| Monday 09/27/99 3:00 - 4:30, HDL Design |
Design validation currently consumes a significant percentage of the design team and takes months of simulation time. This validation strain is bound to increase as the complexity of designs increases; simulation alone cannot be expected to keep up with the verification problem. Purely formal techniques for verification have made considerable progress over the last decade but still fall short of providing the breadth and depth of verification required for most integrated circuits, and require considerable investment of time and energy on the designer's part.
We have developed a validation approach that lies between simulation and formal verification, and uses a single specification model. The approach consists of a "golden" deterministic behavior description model, and a validation procedure to verify the equivalence between this golden model and any valid implementation of it. In this paper we present our approach where Linear Temporal Logic (LTL) with bounded future-time operators is used for behavioral property specification. Simulation monitoring and assertion checking is used in a state-of-the-art mixed Verilog/VHDL simulator (Mentor's ModelSim) in order to validate the design implementation against the desired properties.
Bio
Bassam Tabbara is a Ph.D. Candidate in EECS at the University of California at Berkeley. He received his B.S. in Electrical Engineering (summa cum laude) from UC Riverside in 1994, and his M.S. in Electrical Engineering from Berkeley in 1998. He is a fellow of the SRC, member of IEEE, and the CAD for VLSI group at Berkeley. His research interests include specification, validation, synthesis, and optimization of embedded systems.

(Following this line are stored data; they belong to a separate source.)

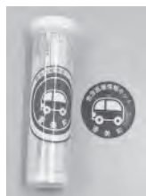
▲キットとステッカー
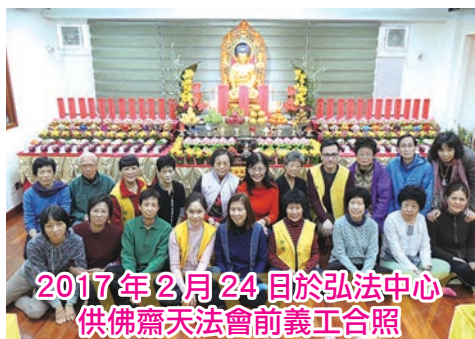
2017年2月24日於弘法中心 供佛齋天法會前義工合照
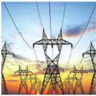
Hệ thống lưới điện quốc gia: Đạt tiêu chuẩn 11TCVN18:2006 với điện áp 22KV
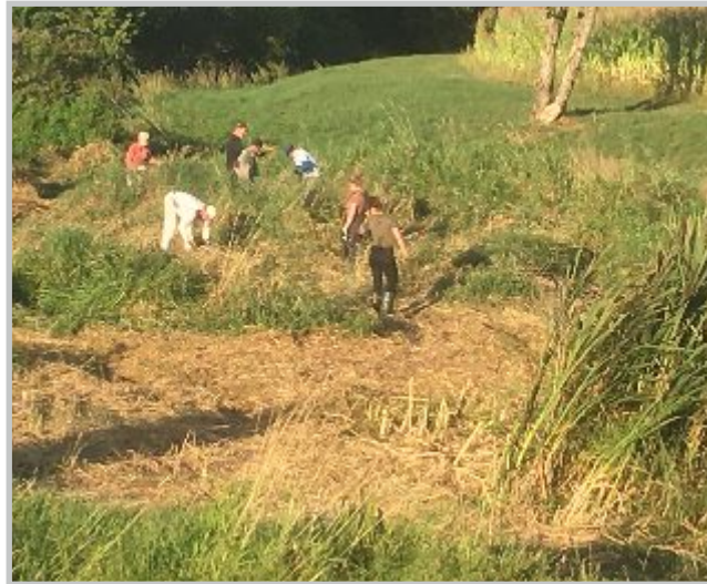
39 | Springkrauträumen Klingengraben
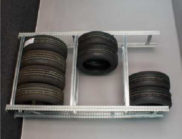
ILUSTRAČNÍ FOTO 3g
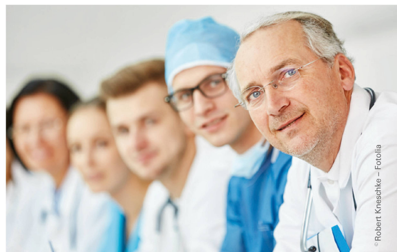
Eine direkte Kommunikation zu den Zuweisern erhöht deren Zufriedenheit. | Une communication directe avec les prescripteurs augmente leur satisfaction.

Les résultats de la saisie qualitative des données permettent de définir des mesures; le processus s'appuie sur un projet de recherche mené par des étudiants de la HES de Saint-Gall
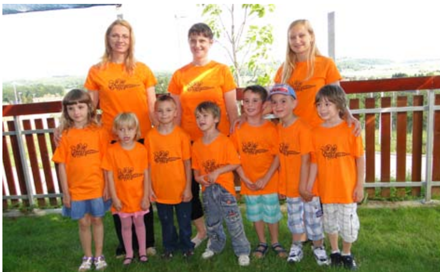
Minimaturanti s svojimi vzgojiteljicami
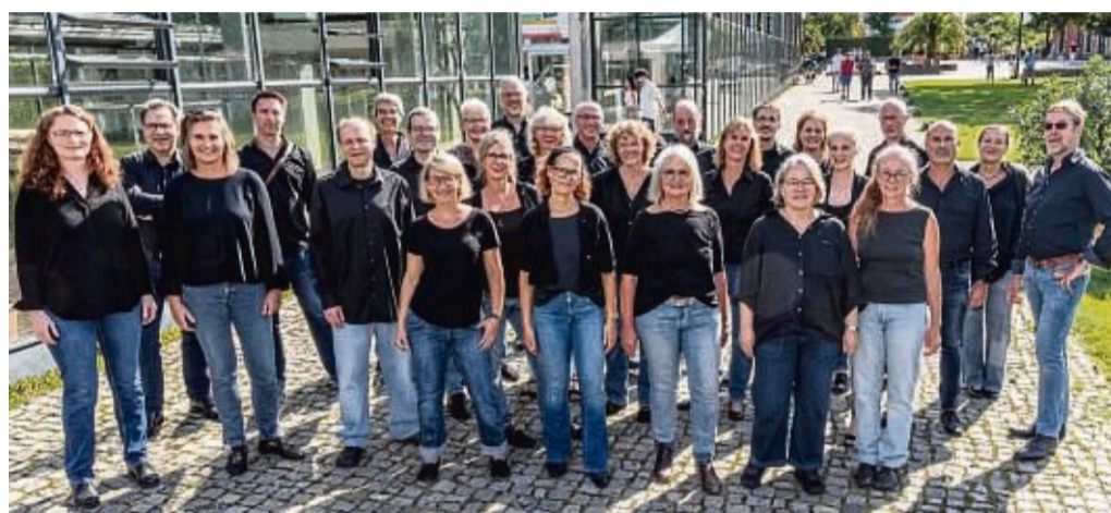
Der Kammerchor „amici del canto“ aus Wuppertal gibt am Samstag, 14. September, ein Konzert in der Vöhler Synagoge.
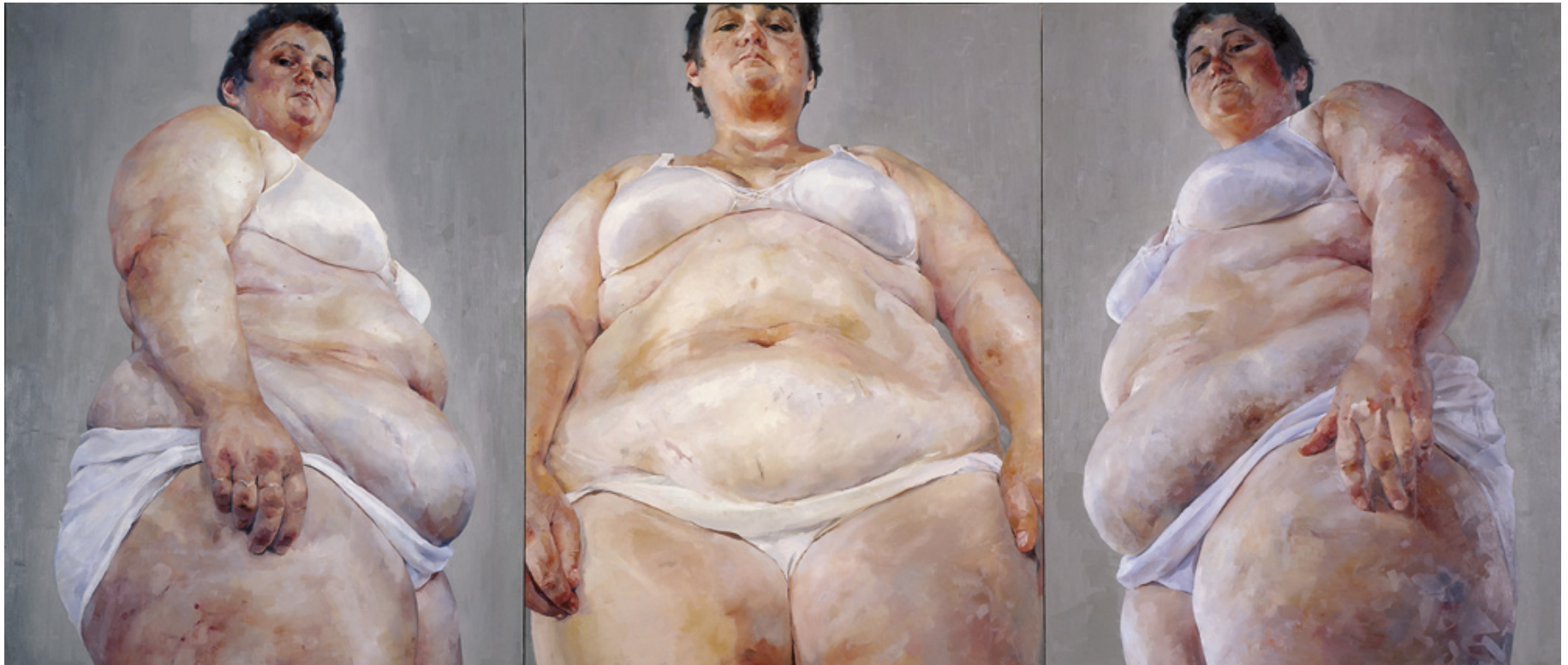
Strategy (South Face, Front Face, North Face) 1993-94 Oil on canvas (triptych) 274 x 640 cm

Abdallah Tabbara is a Ph.D. Candidate in EECS at the University of California at Berkeley. He received his B.S. in Chemistry (magna cum laude) from UC Riverside in 1993, M.S. in Physical Chemistry from UC Riverside in 1994, and his M.S. in Electrical Engineering from Berkeley in 1999. He is a member of ACM, and the CAD for VLSI group at Berkeley. His research interests include design specification, and synthesis and physical design for DSM.